Report touts continuous manufacturing to enhance US drug supplies

Pills on assembly line
Pills on assembly line

Mike Mareen / iStock

Experts have long touted continuous manufacturing as one of the solutions for shoring up the US drug supply chain, but it was only in January that Continuous Pharmaceuticals won a contract to set up the United States' first Food and Drug Administration (FDA)-approved continuous production facility, according to Fierce Pharma. (Prior to that, manufacturers of at least six drugs have partially used continuous manufacturing since the concept came up in 2007.)

Despite the apparent hesitation, a recent comparative risk study on oral solid dosage (OSD) pharmaceuticals suggests that not only does continuous manufacturing lead to higher net present values (NPVs) compared with traditional batch manufacturing, but NPV for continuous manufacturing in the United States is higher than in China or India.

In the study, solo author Clifford V. Rossi, PhD, of the Robert H. Smith School of Business at the University of Maryland, also summarizes the risks that companies face in switching to continuous manufacturing. He concludes, "Crafting public policies to address such industry barriers and risks to domestic and advanced technology pharmaceutical manufacturing investment will be essential in ultimately stimulating such investments."

The results were published Sep 30 and funded in part by the FDA.

Continuous trumps batch production

Continuous manufacturing is exactly that—it continuously forms a product on one end-to-end line, integrating all testing, feeding, and processing.

As Rossi relates in his study, continuous manufacturing has higher output quality and enhanced flexibility in downsizing or increasing production levels, all of which can help with drug shortages. In addition, it is associated with better efficiency and fewer labor touchpoints, which can improve safety, and its reduced facility equipment and land needs may result in lower upfront investment and environmental conflicts.

Companies, however, have not flocked toward continuous manufacturing because of uncertainties around regulatory and compliance, operations, geopolitical and external factors, environmental legislation, financial outcomes, and more. In addition, Rossi notes that most companies, particularly brand-drug companies, tend to invest more heavily in research and development compared with manufacturing.

While Rossi's study makes a compelling case for continuous manufacturing, he writes, "The extent to which leveraging advanced manufacturing capabilities can enable more resilient and secure US production of pharmaceuticals depends on developing domestic access to [active pharmaceutical ingredients], and reducing regulatory, financial and environmental uncertainty for pharmaceutical makers."

Economic, not just idealistic, benefits

To evaluate the functional merits of continuous manufacturing, Rossi created a stochastic model that used 156 different domestic and foreign manufacturing scenarios to create 10,000 different investment outcomes. He examined NPV across brand and generic manufacturing, comparing batch versus continuous manufacturing for financial revenue, and across site locations in the United States, China, India, and Ireland.

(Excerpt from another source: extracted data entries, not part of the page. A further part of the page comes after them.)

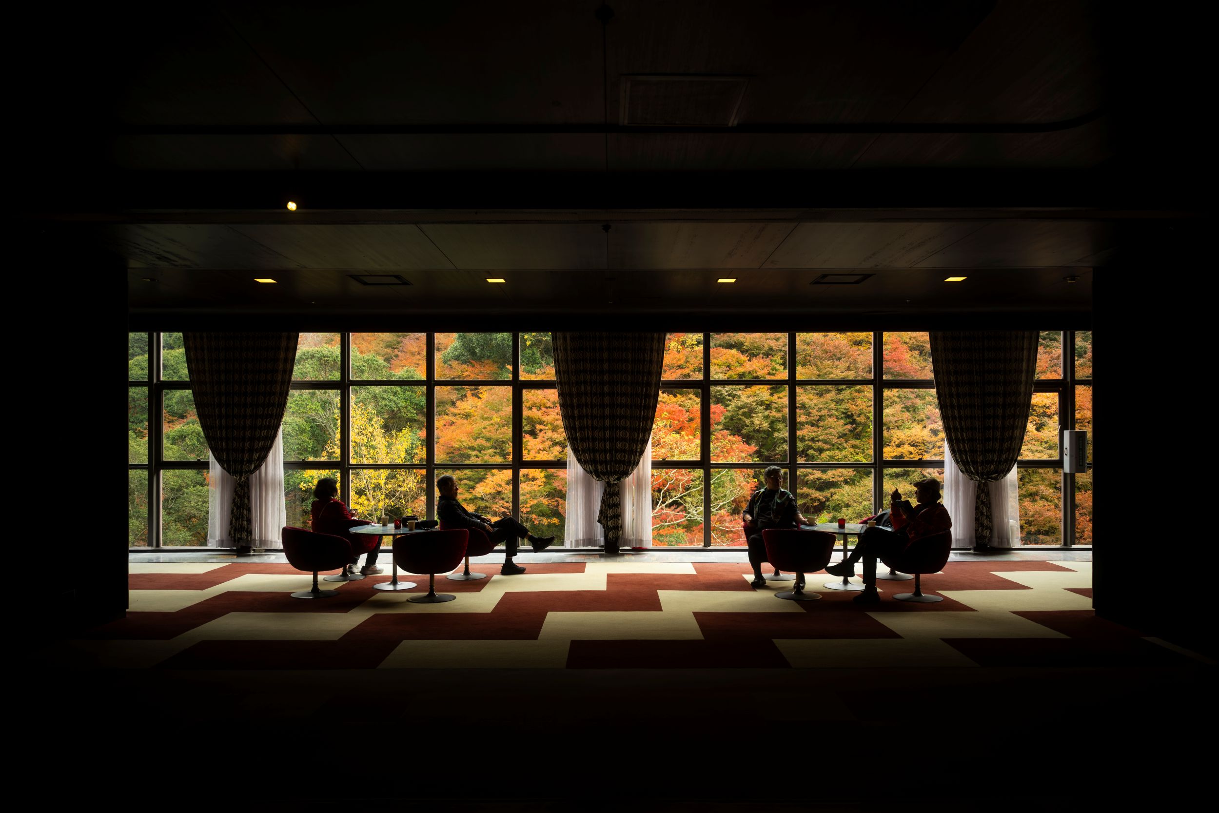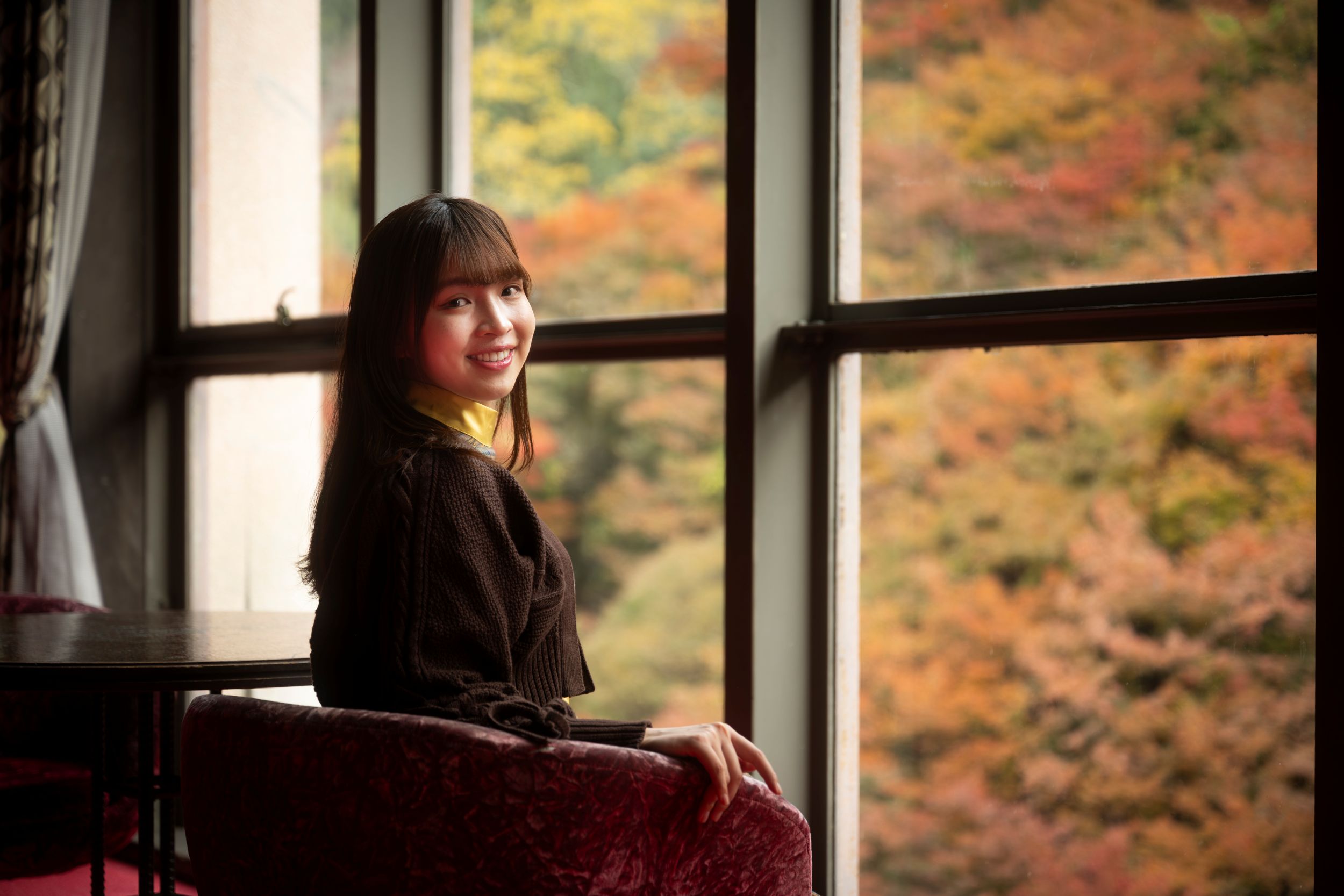 入館したらまずはフロントへ。奥に進むと広がる、紅葉を一望できるガラス張りのロビーが圧巻。昭和のレトロ建築の中にずらりと並ぶベロアの椅子とモダンなテーブルは、今ではなかなか出合えない“味のある”空間。この雰囲気が逆に新鮮と、若い人の来館も多いそう。入館は宿泊・温泉・食事利用者のみで、ロビーのみの利用は不可。
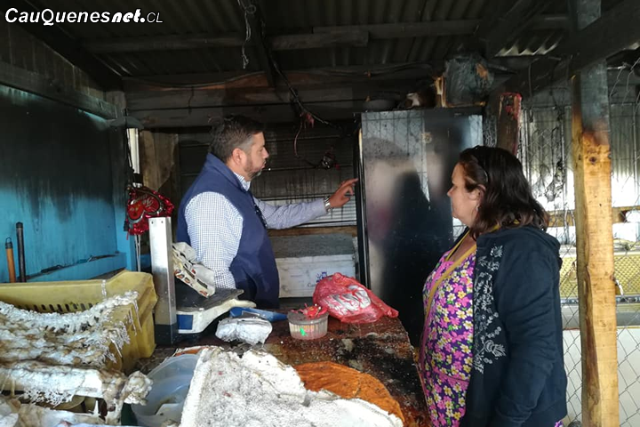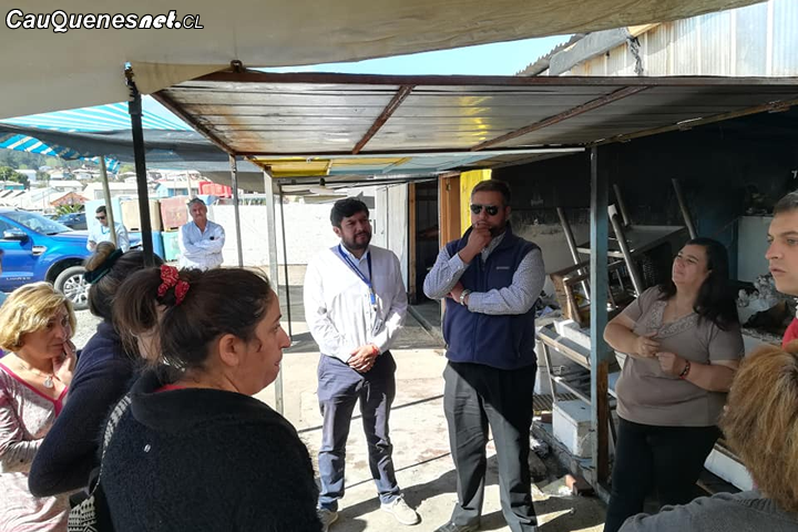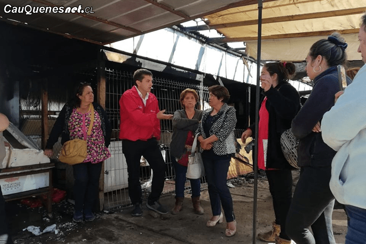 El Gobernador de Cauquenes, Francisco José Ruiz junto al Seremi de Economía Matías Pinochet y la Alcaldesa de Pelluhue María Luz Reyes visitaron a las locatarias del Mercado Provisorio de mariscos de Curanipe que fue afectado en la madrugada de este jueves por un voraz incendio destruyendo diez locales.
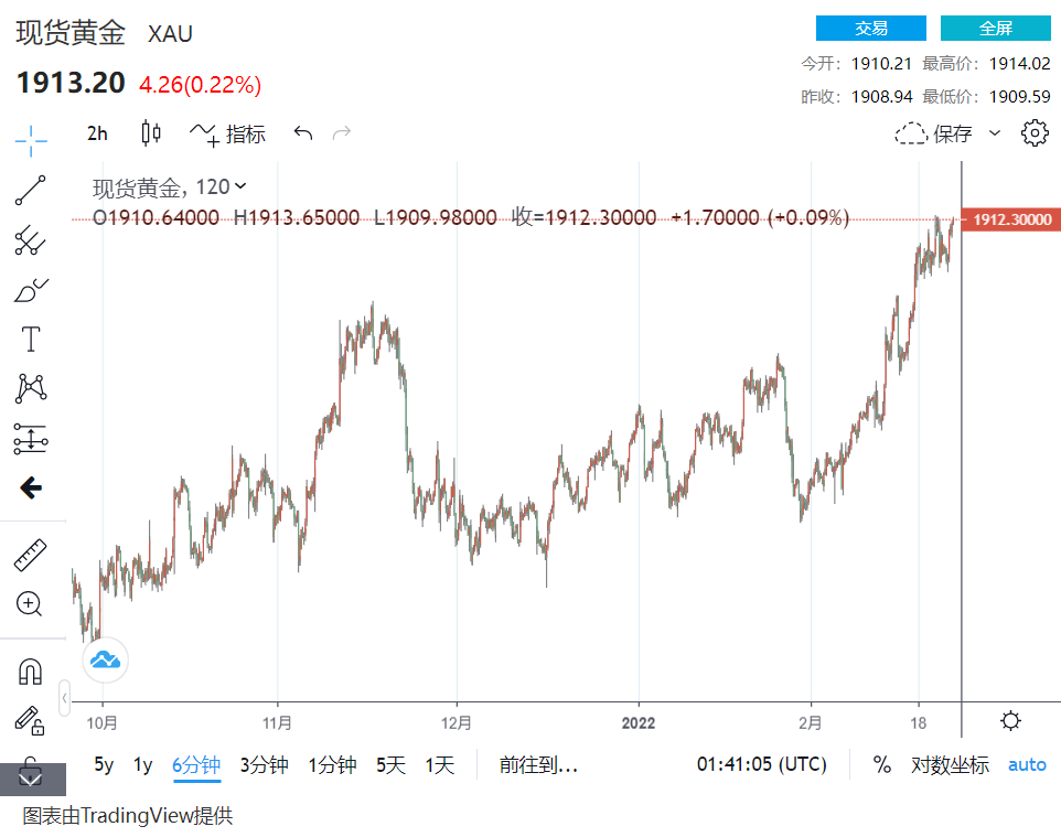 24K99讯 黄金24日亚市开盘后,短线朝着1915美元价位突破,现报在1913.20美元伺机而动。俄乌局势动荡,再加上日本黄金零售持续发酵,刺激黄金自隔夜起就持续走高。而有机构高管更提出展望,金价将升至3000美元水平。

Rossi found that, in almost all scenarios, continuous manufacturing NPVs exceeded those of batch manufacturing. This applied to both generic and brand companies even though generic companies operate in a much more competitive environment. The only exception was a scenario with the most extreme cost volatility (15%) and the most conservative investment value at risk (99th percentile).

The model also projected higher NPVs for US-based batch processing facilities compared with batch processing facilities in China or India, further cementing the argument to not only onshore manufacturing but to convert to continuous manufacturing.

For instance, current US corporate tax rates for companies that invested in continuous manufacturing (21%) were associated with a higher NPV than batch processing in China or India but not Ireland, where corporate tax rates are 12%. If US corporate tax rates were to increase to 28%, however, net NPV lowers for US continuous manufacturing investments.

"Results indicate that continuous manufacturing has the potential to make manufacturing of OSD pharmaceuticals more economically attractive in the U.S. than foreign manufacturing of those products," Rossi writes.

"The finding that batch manufacturing of OSD products in the U.S. is economically more attractive than investing in batch processes in China or India is driven by a combination of factors, including competitive corporate tax rates and nonmanufacturing hedging costs that appear to already favor pharmaceutical manufacturing investments more broadly in the US and would be further enhanced by investment in lower cost [continuous manufacturing] technology."